%%

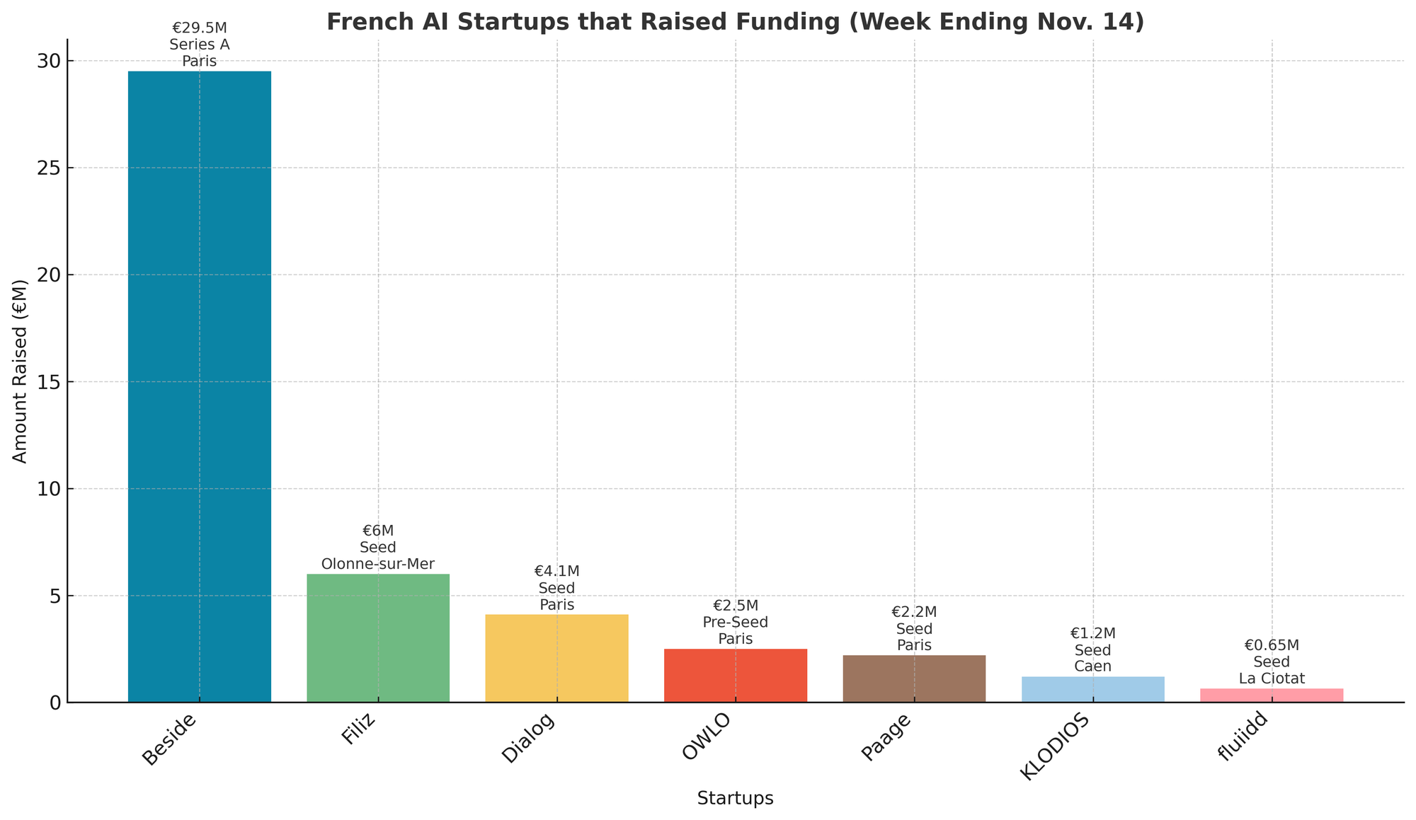 For the week ending November 14, there were 7 AI startups that raised a total of €46.15 million.
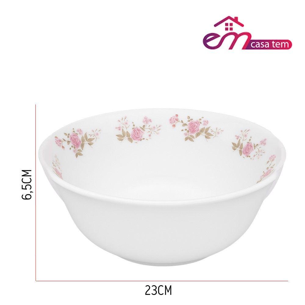 Jogo De Sobremesa De Vidro 1 Tigela 1400ml E 4 Bowls 400ml Branco Em Casa TemJogo de Sobremesa de Vidro 1 Tigela 1400ml e 4 Bowls 400ml Branco Em Casa TemPara o serviço de saladas, sobremesas, caldos e porções individuais, o conjunto integra uma tigela principal de 1400ml e quatro bowls de 400ml. Fabricado em vidro branco, o material não retém odores nem sabores, contribuindo para a higiene e pureza dos alimentos. A superfície lisa do vidro facilita a limpeza, e a estampa floral com rosas, presente nas peças, mantém a vivacidade das cores mesmo após lavagens frequentes, sem comprometer a integridade visual.A tigela de 1400ml oferece capacidade para servir pratos maiores, como saladas ou sobremesas para a família, enquanto os bowls de 400ml são adequados para porções individuais de cereais, sopas ou frutas. A compatibilidade com lava-louças e micro-ondas adiciona praticidade ao uso diário, permitindo aquecer alimentos ou simplificar a rotina de limpeza. O vidro confere resistência ao conjunto, suportando o uso contínuo na cozinha e à mesa.Conteúdo do Kit:Tigela Saladeira Grande Cumbuca Sobremesas Flowers Pink Vidro 1400ml 23cm Em Casa TemCódigo: 128133Marca: EmCasaTemMaterial: Vidro OpalinoDimensões do produto (AxLxC): 6,50x23,00x23,00cm cada unidadeQuantidade: 1 unidadeBowl Tigela Cumbuca Caldos Sobremesas Flowers Pink Vidro 400ml Em Casa TemCódigo: 126848Marca: EmCasaTemMaterial: VidroDimensões do produto (AxLxC): 5,00x12,50x12,50cm cada unidadeQuantidade: 4 unidades
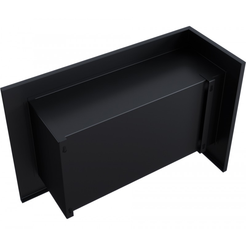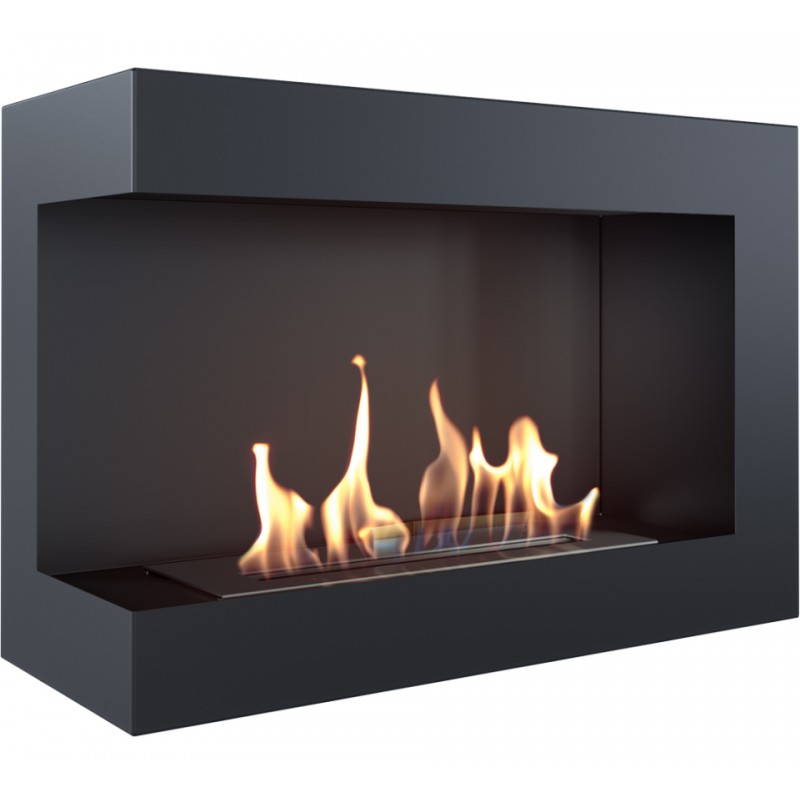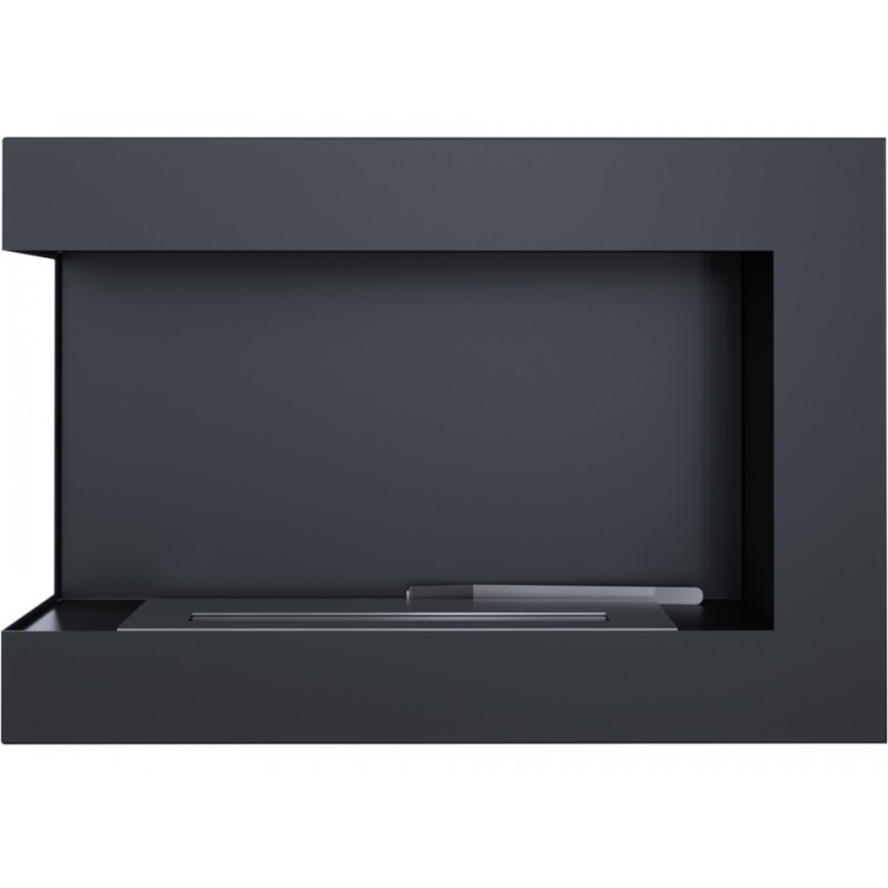 Biokominek narożny, z otwartym bokiem; wykonany ze stali lakierowanej farbą termoorporną w kolorze czarnym mat. Na odwrocie biokominka umieszczono uchwyty do zawieszenia na ścianie lub zabudowania. W zestawie są kołki rozporowe umożliwiające zawieszenie biokominka.
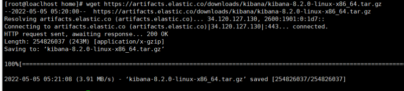 $wget https://artifacts.elastic.co/downloads/kibana/kibana-8.2.0-linux-x86_64.tar.gz
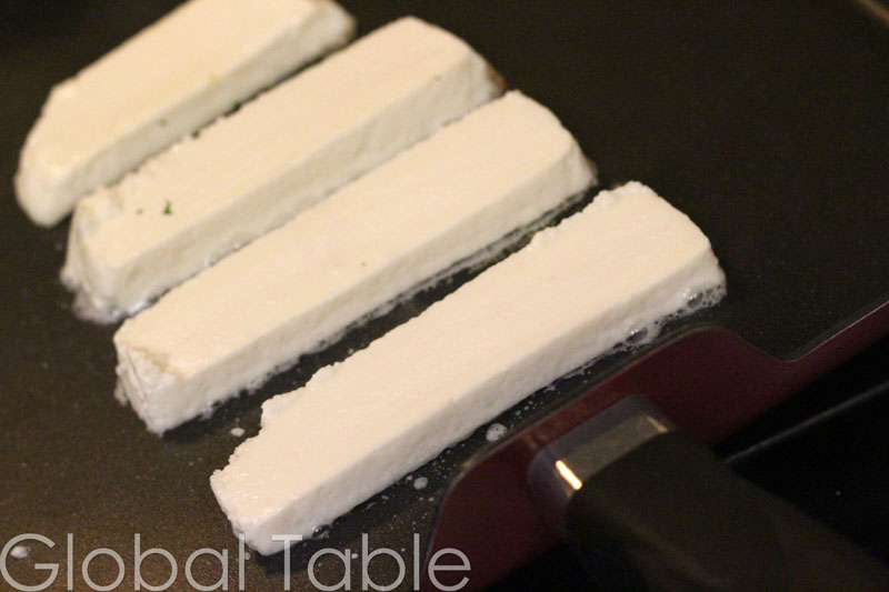 - Meanwhile, fry cheese in a skillet over medium heat until both sides are golden brown (or darker, depending on your preferences)
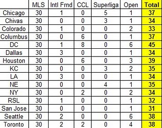 I wrote a couple of weeks ago that DC United will play more matches than any other MLS team this season. I figured it wouldn't be a bad idea to back that up with some numbers:
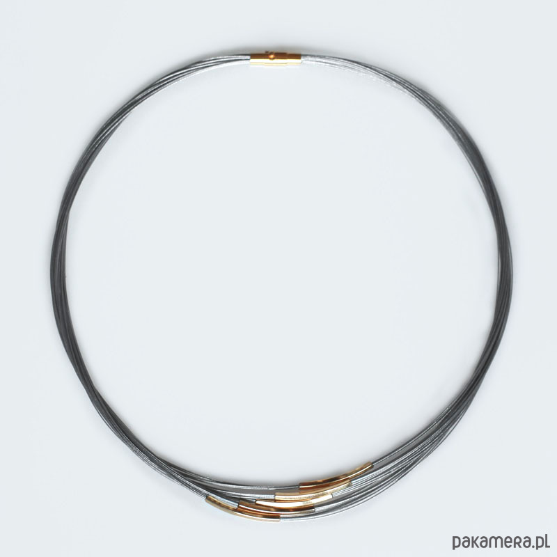 Kolia wykonana ze stalowej linki jubilerskiej pokrytej nylonem.
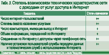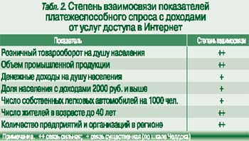 Показатели качества техники связи и уровня технологического развития (количество линий на одного работника, цифровизация сети) не играют существенной роли для доходности доступа в Сеть (зависимость – 32 – 40%): аудитория пользователей пока настолько мала, что для ее обслуживания достаточно имеющегося оборудования. С ростом их числа и повышением требований к качеству услуги эти показатели будут приобретать более существенное значение.
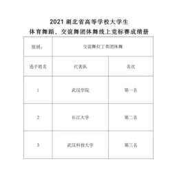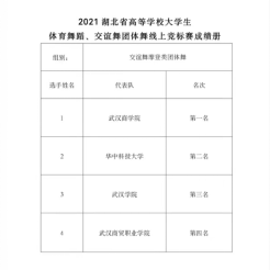 12月20日,2021年湖北省高等学校大学生体育舞蹈·交谊舞线上团体舞锦标赛结果出炉,PG电子国际标准舞协会的32名队员在此次“交谊舞拉丁类团体舞”和“交谊舞摩登类团体舞”比赛中分别取得第一和第三的好成绩。
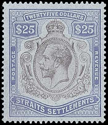 136 : width="300p" alt="image" ></a></cfif>x Malaya and States Straits Settlements — $25 purple and blue on blue, fine unmounted mint. Sc. 202; S.G. 240b, £700 Estimate £ 350-400<A
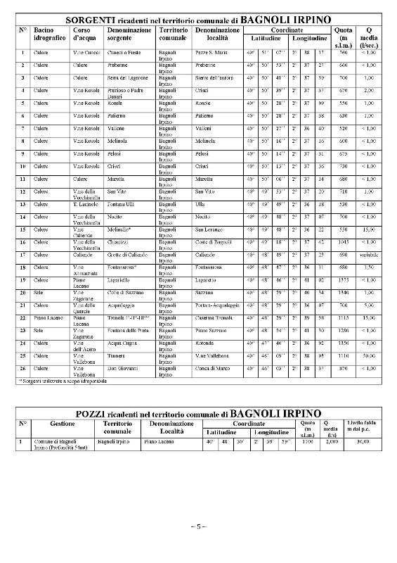 Comune di Bagnoli: Censimento “SORGENTI E POZZI” – 2ª Parte (mb. 5,51)
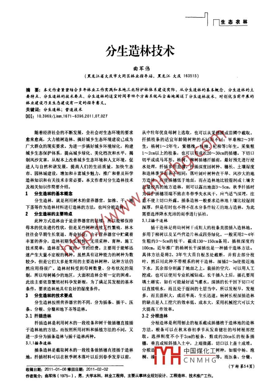 幾生態(tài)農(nóng)林分生造林技術(shù)曲軍偉(黑龍江省大慶市大同區(qū)林業(yè)指導(dǎo)站,黑龍江大慶163515)摘要:本文作者緊密結(jié)合多年林業(yè)工作實踐和本地三北防護林體系建設(shè)實際,從分生造林的基本概念、分生造林的主要特點、分生造林的技術(shù)要點、分生造林的適宜時間等四個方面系統(tǒng)而全面地闡述了分生造林技術(shù),對創(chuàng)優(yōu)當(dāng)前開展的林業(yè)建設(shè)乃至生態(tài)建設(shè)有一定的指導(dǎo)意義。.關(guān)鍵詞:分生造林;營造技術(shù)DOI: 10.3969/.isn.1671-6396.2011.07.027隨著經(jīng)濟社會的不斷發(fā)展,全社會對生態(tài)環(huán)境的要求從中壯年優(yōu)良母樹上選取,也可以從采穗國或苗圃中截取。愈來愈高,大力植樹造林、搞好城鄉(xiāng)生態(tài)環(huán)境建設(shè)已成為扦插枝條的適宜年齡隨樹種的不同而不同:阜垂柳2-~3年廣大群眾的現(xiàn)實要求。為進-步搞好城鄉(xiāng)環(huán)境綠化,構(gòu)建生, 楊樹1~2年生,紫穗槐、怪柳、杞柳等1年生。采集粗城鄉(xiāng)生態(tài)保護體系,提高城鄉(xiāng)綠化、美化檔次和水平,揭1~2cm以上的枝條,也可以剪成長20~ 30cm的插穗。下切口制風(fēng)沙災(zāi)害,從根本上改善城鄉(xiāng)生態(tài)環(huán)境和人文環(huán)境,促切平或成馬耳形。楊樹、柳樹插穗扦插前,最好預(yù)先進行浸進人與自然和請發(fā)展,提高人們的生活質(zhì)量,加快生態(tài)水處理,扦插多用直播。扦插深度因樹種、穗長、土壤濕度市、園林城建設(shè),增加和豐富城鄉(xiāng)魅力,推廣和普及科學(xué)和造林季節(jié)而各不相同:落葉闊葉樹種在干旱、風(fēng)沙大的地造林知識和有關(guān)技術(shù)非常必要。本文作者對分生造林技術(shù)方造林,應(yīng)使插穗低于地面,而在造林地比較濕潤或土壤含及相關(guān)知識作簡要介紹。鹽量較高的地方造林,則可以露出地面3~5cm。秋季扦插時1分生造林的基本概念為保護插穗頂端不致在冬春季失水風(fēng)千,應(yīng)當(dāng)適當(dāng)深埋,注分生造林,就是利用樹木的營養(yǎng)器官,如株、干、地意不使上切口外露。插條造林一般要求造林地+壤比較濕潤下莖等作為造林材料進行造林的方法,也叫分植造林。濼厚,但是有時也不得不在水分條件較差的地方造林,為此2分生造林的主 特點需要選擇降水充沛的雨季進行插植。此種方式造林由于是營養(yǎng)器官的延續(xù),所以能夠保持3.1.2插干造林母本的優(yōu)良遺傳性狀,但是某些樹種連續(xù)無性繁殖,林木插干造林是將幼樹樹F或粗人的枝條真接插入造林地。往往會早期生長衰退、壽命短促;由于營養(yǎng)器官中貯藏著多用于柳樹以及某些營造片林或四旁綠化。一般采用2~4年.豐富的養(yǎng)分,造林初期生長較快:無須采種、育種,施工生粗約3~ 5cm的枝干,截成130~ 150cm備用。插植深度約技術(shù)簡單:造林省工、省時,節(jié)約經(jīng)費。主要用于能夠迅100cm.近年推廣的楊樹長干深插也是一種插干造林方法。速產(chǎn)生大量不定根的樹種。雖然具有這種能力的樹種為數(shù)具體方法是將2、3年生大苗自根莖處截斷,并剪去部分枝較少,但是它們大多是常用的主要造林樹種,這種方法仍葉,然后用此種不帶根系的樹干造林,深插2~3m使接近地然應(yīng)用得很廣.造林材料受到母樹數(shù)量、分布狀況的限下水,其余部分則露于地面之上。栽插的空穴,可以用人工制,所以母樹稀少的地區(qū),大面積造林會有一定 的閑難。挖成,也可以使用專業(yè)機械鉆成。長干插入土后,插孔要用此法主要依靠繁殖材料孕發(fā)新根,為了滿足其發(fā)根的基本填土砸實,如有叮能最好適當(dāng)灌水。深插的長干因下切口可條件,要求造林地具有良好的濕度條件。以直接吸水,而且處于濕潤的七層當(dāng)中,所以發(fā)根早,發(fā)根3分生造林的技術(shù)要點多,而且面積大,成活率高,生長迅速。楊樹長根深插造林分生造林按照營養(yǎng)器官的不同,分為插條、插干、壓的缺點是人工挖穴的效率低、成本大,采用機械挖穴叮以大條、分根、分蘗和地下答等造林。大提高T.作效率。3.1扦插造林3.2分根造林扦插造林是利用樹木的- -段枝條和樹干做插穗直接插分根造林是利用刨去的根系截成捅聰植于造林地的造林于造林地的方法。而按照所用材料和插植方法的不同,又方法。根條可以在秋末春初季節(jié)從發(fā)育健壯的世樹根部挖進一步分為插條造林與插十造林兩種。取。選擇粗度不小于2cm的根條,剪成約20cm長的根條插3.1.1插條造林穗,垂直或傾斜插入土中,上端微露,切口以上.蓋+成堆。插條造林是截取樹木的一-段枝 條做插穗直接插于造林分根造中國煤化工樹種,如銀中楊、泡地。扦插材料叮以在秋季樹木落葉以后到春季發(fā)芽以前,桐、MYHCNMHG而壓條、分蘗、(下轉(zhuǎn)第54頁) .收稿日期: 2011-01-08 修回8期: 2011-02-02作者簡介:曲軍偉(1975-),男,大學(xué)本科,林業(yè)工程師,主要從事林業(yè)規(guī)劃設(shè)計、工程造林、技術(shù)推廣工作。55中國西部科技2011年03月 (上旬)第10卷第07期總第240期綜上所述,結(jié)合建設(shè)該保護區(qū)的目的和任務(wù),建議使建議規(guī)劃的總體目標(biāo)是在規(guī)劃期內(nèi),對保護區(qū)的保護用名稱二,即:四川安寧河源濕地自然保護區(qū)作為本保護管理、科研監(jiān)測、宣傳
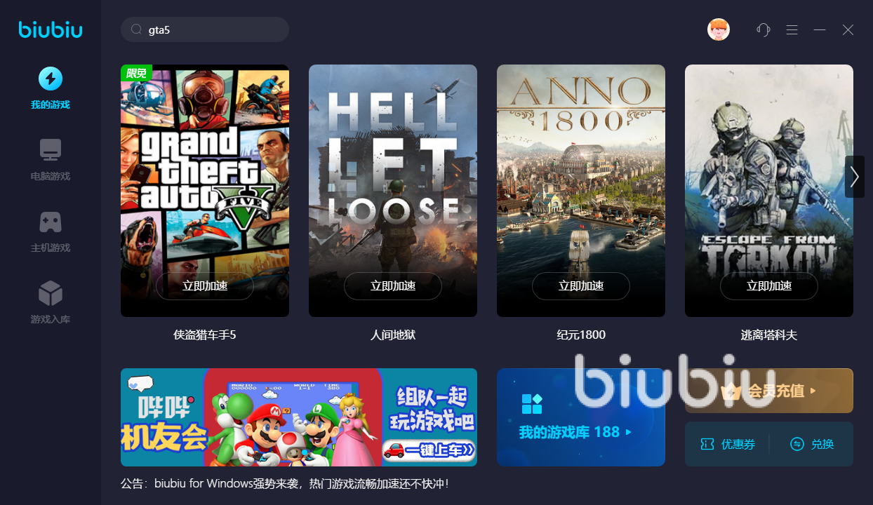小編也是知道大家對(duì)于這款游戲非常喜歡,如果加速器的使用很麻煩的話,那么肯定也是不行的,所以biubiu把界面設(shè)計(jì)的很是簡(jiǎn)潔,主要的功能都是在左側(cè)之中體現(xiàn),玩家可以在里面直接去搜索想要去開啟加速的游戲,然后再去點(diǎn)擊藍(lán)色的立即加速按鈕即可,在這些步驟都完成以后,工具也會(huì)第一時(shí)間為大家去建立對(duì)應(yīng)的加速通道,要知道現(xiàn)在去下載的話,新用戶可是有著72小時(shí)的免費(fèi)試用機(jī)會(huì),同時(shí)國(guó)服的一些游戲也是有著限時(shí)免費(fèi)福利的哦。
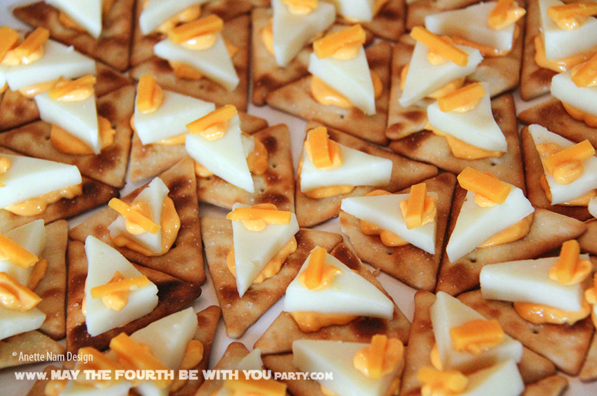 - Spray a tiny dab o’cheese on each cheese rectangle, and add it to the stern of each Imperial Star Destroyer.
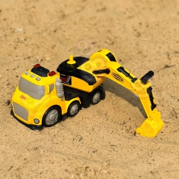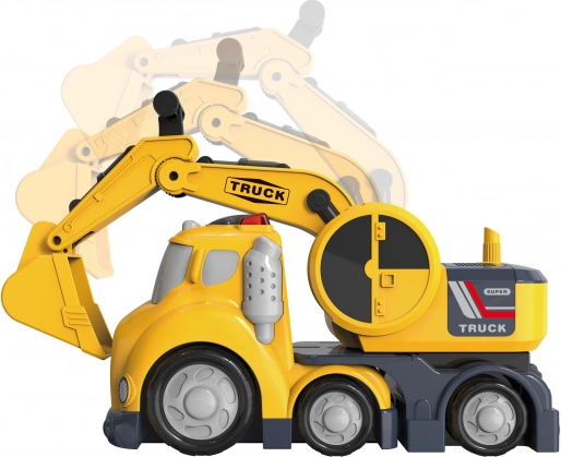 Le bras avec godet se lève et s’abaisse pour ramasser et déverser facilement le sable ou de petits jouets. Idéal pour jouer au chantier.
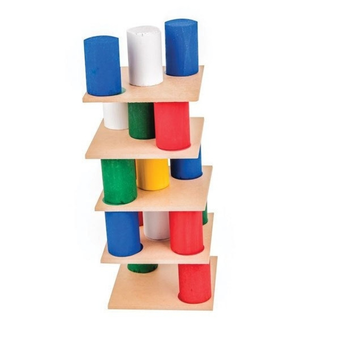Descritivo detalhado: Confeccionado em madeira e M.D.F. - 18 placas medindo 7,5 x 7,5 cm e 45 cilindros de madeira pintados medindo 3,5 cm de altura, pintados com tinta atóxica nas cores: vermelha, verde, laranja, amarela e azul. Total de peças do jogo: 63 peças. Embalagem: Caixa de madeira com tampa serigrafada medindo 20 x 20 x 8 cm. Lacrada com película de P.V.C. encolhível.

%%

§ **ABOUT THIS EXERCISE**: Your reply should hold only the lines running from the one with "- Spray a tiny" to the end of the data above, set down exactly, pictures omitted.

§ **RESULT OF THE TASK**:
 - Spray a tiny dab o’cheese on each cheese rectangle, and add it to the stern of each Imperial Star Destroyer.
 Le bras avec godet se lève et s’abaisse pour ramasser et déverser facilement le sable ou de petits jouets. Idéal pour jouer au chantier.
Descritivo detalhado: Confeccionado em madeira e M.D.F. - 18 placas medindo 7,5 x 7,5 cm e 45 cilindros de madeira pintados medindo 3,5 cm de altura, pintados com tinta atóxica nas cores: vermelha, verde, laranja, amarela e azul. Total de peças do jogo: 63 peças. Embalagem: Caixa de madeira com tampa serigrafada medindo 20 x 20 x 8 cm. Lacrada com película de P.V.C. encolhível.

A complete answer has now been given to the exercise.